Russell described the pilot script as "interesting", continuing, "It was so far from a procedural. And I didn't know that I wanted to do it... I never want to do anything. But I just couldn't stop thinking about it." Rhys said of his character, "When you meet him, he's at this great turning point in his life where everything's changing for him... It's the full package for an actor. It's a dream."
Noah Emmerich was initially hesitant about taking a role in the series. He explained: "The truth is, from the very beginning, I thought, 'I don't want to do a TV show where I carry a gun or a badge. I'm done with guns and badges. I just don't want to do that anymore.' When I first read it I thought, 'Yeah, it's really interesting and really good, but I don't want to be an FBI guy.'" His friend, Gavin O'Connor, who directed the pilot episode, convinced him to take a closer look at the role.

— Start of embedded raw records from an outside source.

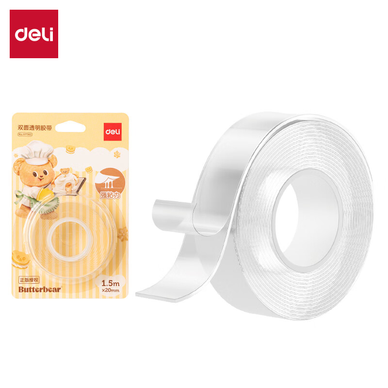 得力HY560黄油小熊系列双面透明胶带1mm*20mm*1.5m(1卷/卡)
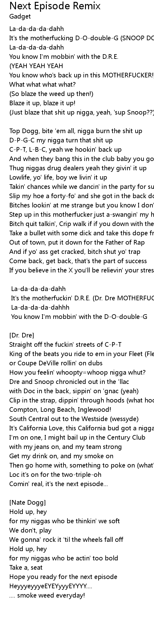 [Dre] It's the motherfuckin' D.R.E. (Dr. Dre MOTHERFUCKER!) |
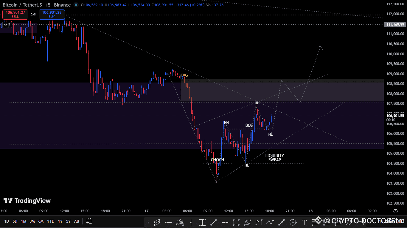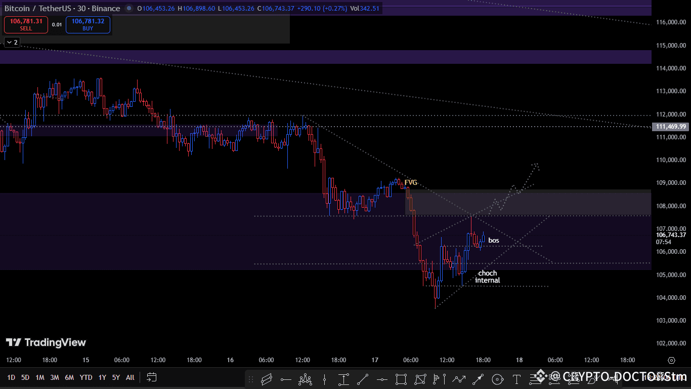 Bitcoin already tested a perfect Bullish order block and what i am seeing here is that prices are already making higher highs (internal) but the market is still in chaos we need a perfect breakout above (107,695) to confirm a (CHOCH) and plus local resistance breakout then we can target the upper resistances respectively. A 30 minutes candle close above the (FVG) will confirm a clear bullish momentum.
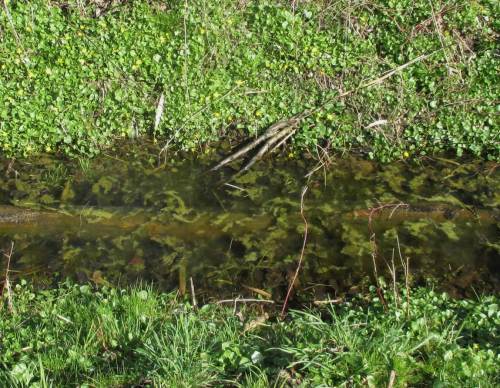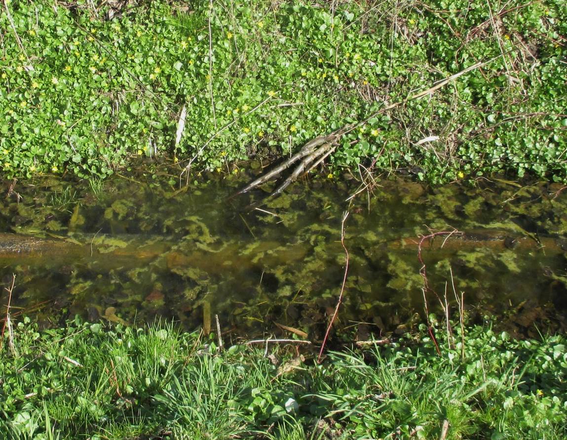 Der höhere Sonnenstand hat in Gräben dichte Algenmatten wachsen lassen – für Kaulquappen gedeckter Tisch. Die Amphibien sind inzwischen unterwegs zu den Laichgewässern.
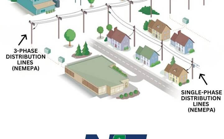 Three-phase lines are a common method of distributing electrical power. In general terms, they use three alternating currents offset in phase to carry more power more efficiently than single-phase lines and to balance loads across a network.
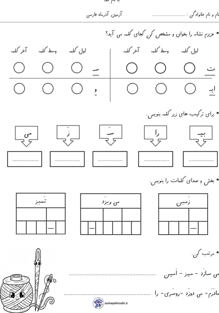 آزمون فارسی آذرماه پایه اول دبستان

Emmerich stated that he responded to the aspect of marriage and family.
After recurring in the first season, Susan Misner, Annet Mahendru, and Alison Wright, who play Sandra Beeman, Nina Krilova, and Martha Hanson, respectively, were promoted to series regulars beginning with season two. After recurring in the first two seasons, Lev Gorn, who plays Arkady Ivanovich, was promoted to series regular for season three.